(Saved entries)
——————————

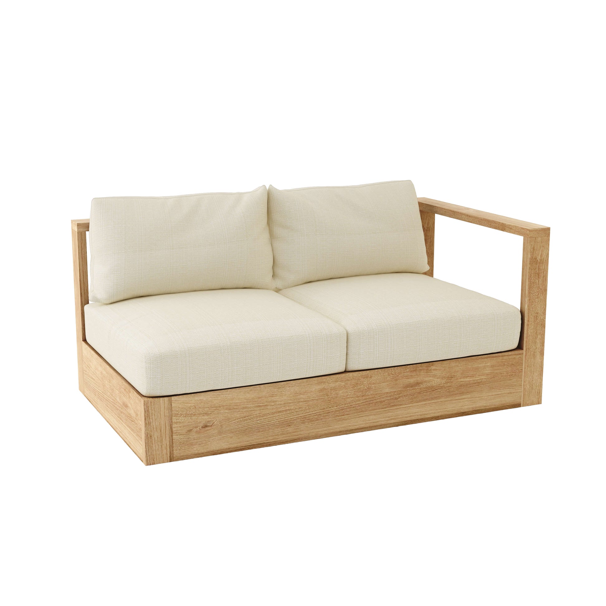 Made from premium solid teak, the Copacabana Left Loveseat is a contemporary modern design sofa perfect for the yard and outdoors. Pair this Copacabana Left Loveseat with the Right Loveseat to create an outdoor sofa that sits up to four, or add additional pieces from the Copacabana Set such as matching center, corner, armchair, coffee and side tables to create the ideal deep seating collection. Includes Sunbrella All-Weather cushion with choice of pattern and color options.
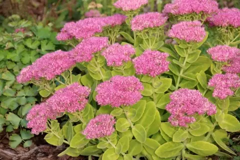 - Herbstfreude — высота до 60 см, соцветия сначала нежно-розовые, затем оранжево-коричневые. Прекрасно растёт на солнечном месте.
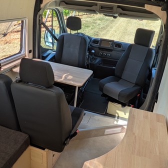 Nous pouvons ajouter des assises, installer une banquette 2 places convertible en lit à l’arrière, remplacer la banquette passager ou le siège conducteur par un siège pivotant, ajouter une embase pivotante à votre siège conducteur…
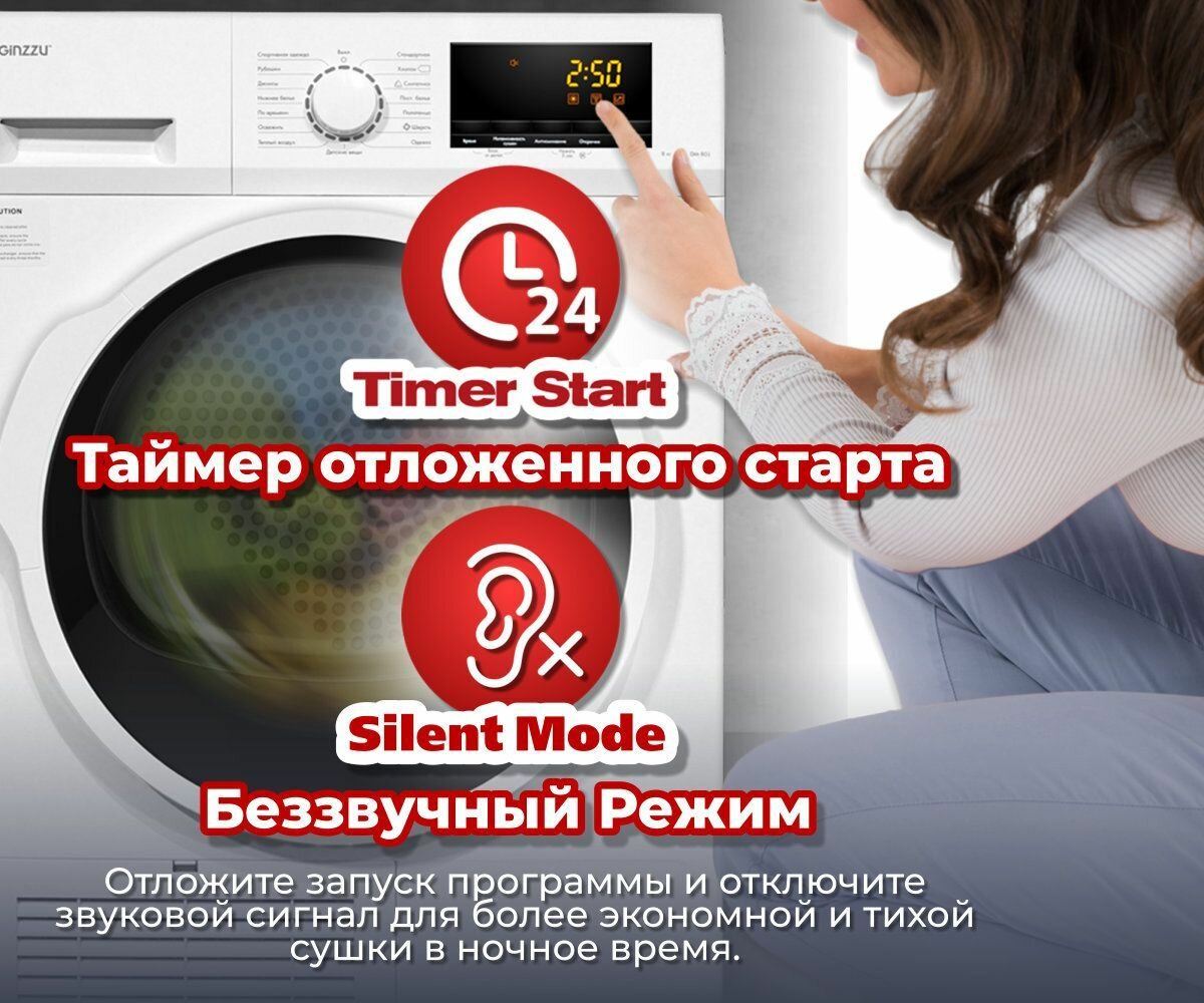 Сушильная машина Ginzzu DM-801, 8kg, белая интересное:
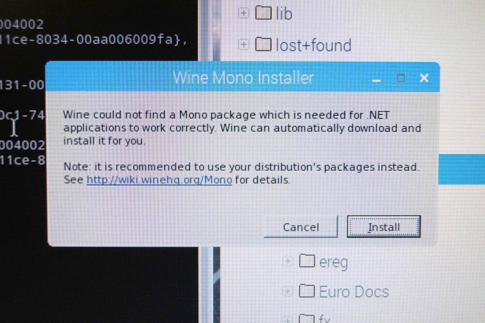 Führt man wine das erste Mal aus, dann muss man am Raspberry Pi noch zusätzliche Software installieren. Die Installation läuft wie unter Windows bekannt mit einem Installer ab, begonnen wird mit der Mono Umgebung:
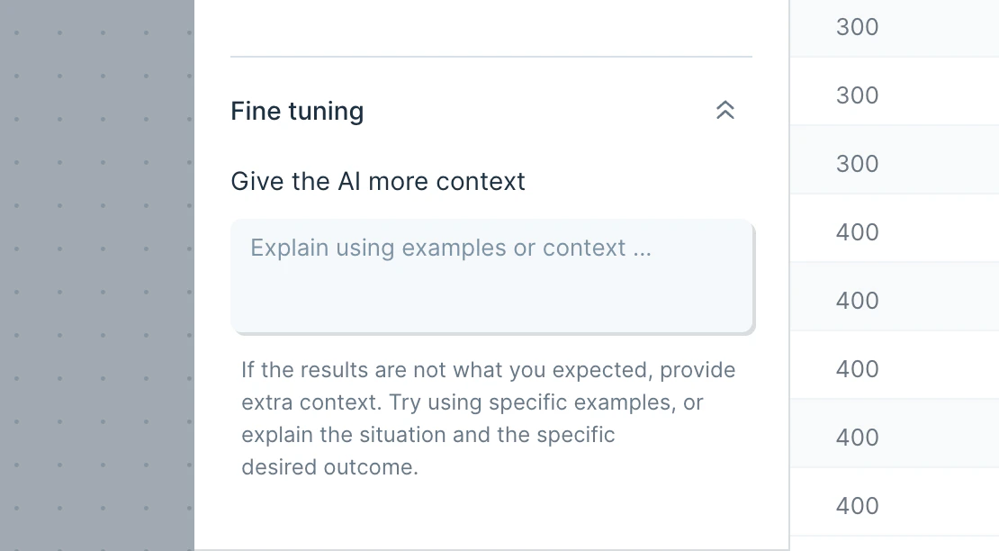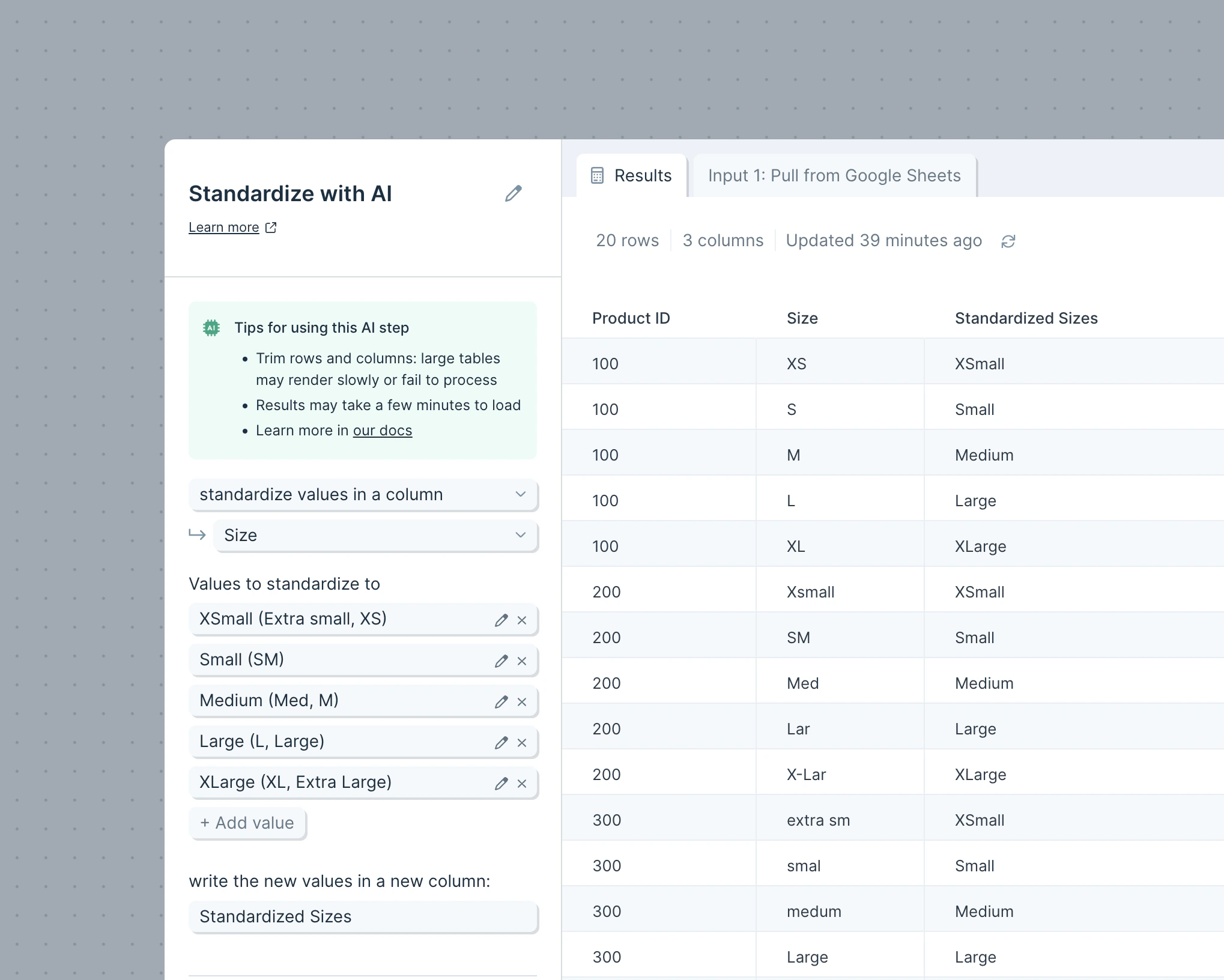 - Standardize values in a column: The AI will clean values in a specific column using examples that you provide as a guide. The cleaned values will be displayed in a new column, next to the column that the AI evaluated

——————————

§ **Exercise objective**
In the entries above, which lines run from the one with "- Herbstfreude —" up to and including the one with "Сушильная машина Ginzzu"? Write them out exactly, without the pictures.

§ **Answer to this exercise**
 - Herbstfreude — высота до 60 см, соцветия сначала нежно-розовые, затем оранжево-коричневые. Прекрасно растёт на солнечном месте.
 Nous pouvons ajouter des assises, installer une banquette 2 places convertible en lit à l’arrière, remplacer la banquette passager ou le siège conducteur par un siège pivotant, ajouter une embase pivotante à votre siège conducteur…
 Сушильная машина Ginzzu DM-801, 8kg, белая интересное:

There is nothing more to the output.